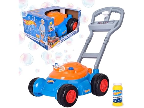 - Hot Wheels™ Bubble Lawn Mower for Toddlers, Bubble Blowing Machines, Indoor/Outdoor Gardening Toy, Birthday Gift for Prechool Girls and Boys, No Batteries Required, Includes Bubble Solution, 2+
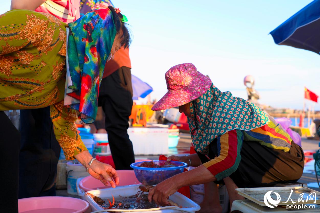 渔港边惠女们正在出售海货。人民网 李唯一摄
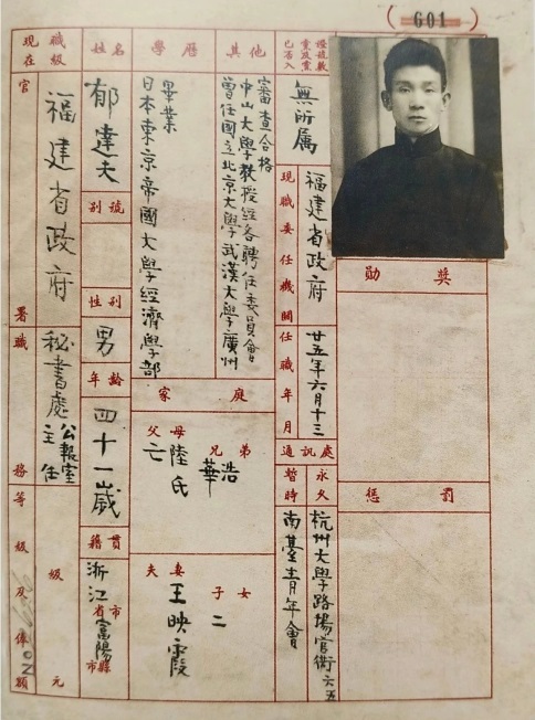 郁达夫在福州任职期间的档案
----------
[TASK PROMPT]: The material shown above is to be repeated verbatim, and its pictures are to be omitted.

[PROBLEM SOLUTION]:
 - Hot Wheels™ Bubble Lawn Mower for Toddlers, Bubble Blowing Machines, Indoor/Outdoor Gardening Toy, Birthday Gift for Prechool Girls and Boys, No Batteries Required, Includes Bubble Solution, 2+
 渔港边惠女们正在出售海货。人民网 李唯一摄
 郁达夫在福州任职期间的档案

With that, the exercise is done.